I'm currently using Paypal checkout which does not allow me to have as many drop down options as I need so I find myself concatenating options together to meet their limit.

Thanks!
-Adam


----------



## Rodney (Nov 3, 2004)

My recommendation is CubeCart. Available at www.cubecart.com

It's free, written in php, pretty easy to customize, and has a lot of built in and add-on features (with a nice user community supporting it)


----------



## TahoeTomahawk (Apr 12, 2006)

Thank you sir.


----------



## Tshirtcrib (Jul 21, 2006)

Another great FREE shopping cart module is Zen-Cart which has LOADS of features and templates you can find them at www.zen-cart.com


----------



## greq27wroc (Sep 26, 2006)

http://bigcartel.com - looks good, and it's designed specially for clothing companies.


----------



## Twinge (Apr 26, 2005)

I'm using Zen Cart as well. It's based on OSCommerce, which is also fairly popular.


----------



## Vtec44 (Apr 24, 2006)

I personally stay away from anything that's remotely hosted. We're using a modified version of OS Commerce.


----------



## azorable (Dec 10, 2006)

I prefer Oscommerce, found it easier to customise. If you're not familiar with editing PHP you can buy some templates at templatemonster.com, templates for cubecart im not sure.

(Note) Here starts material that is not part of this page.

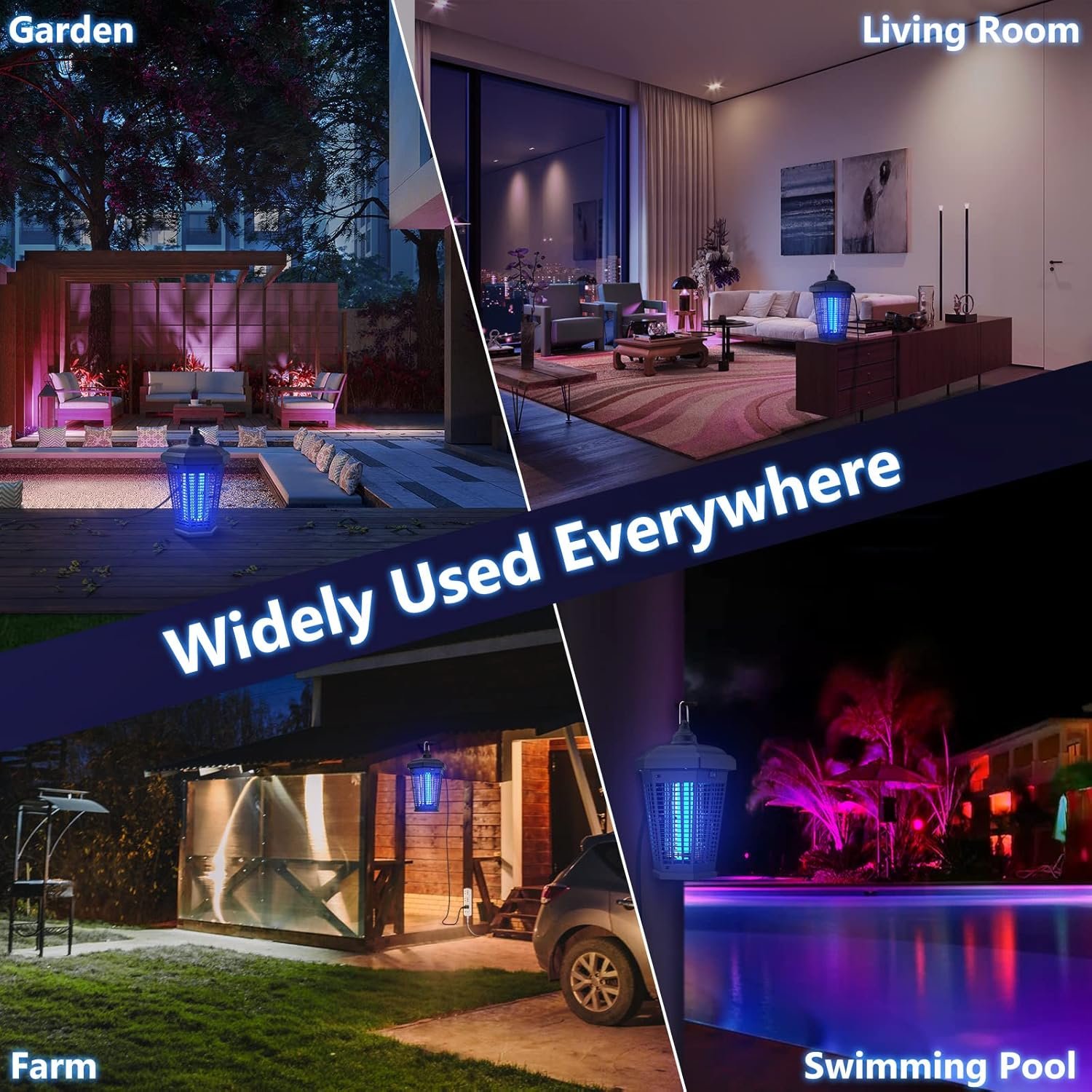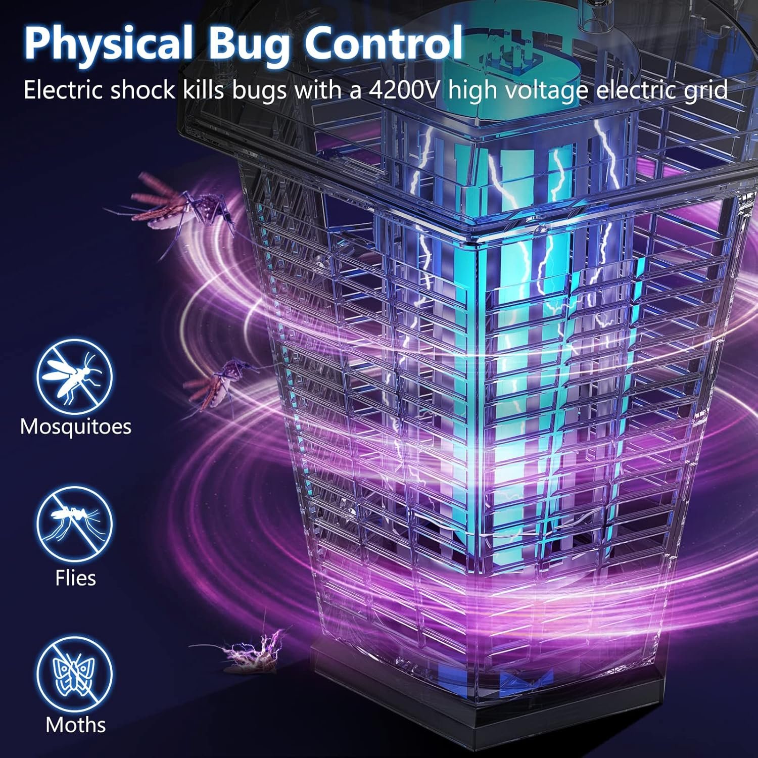 Electric Bug Zapper: 4200V high voltage power grid instantly kills the bugs on contact. The mosquito zapper can be used to kill mosquitoes, flies, and moths.

> I personally stay away from anything that's remotely hosted. We're using a modified version of OS Commerce.



Yes, consider hosting with someone you trust or you can even do it from your own computer. 

You may also want to consider purchasing an SSL


----------



## Vtec44 (Apr 24, 2006)

azorable said:


> Yes, consider hosting with someone you trust or you can even do it from your own computer.
> You may also want to consider purchasing an SSL


By remotely hosted, I was referring to the shopping cart itself where you don't setup the script yourself. That can be an issue if you need to make modifications to the script.


----------



## sticnap (Sep 15, 2009)

I also nominate zencart, I'm using it now and it has almost everything i need.


----------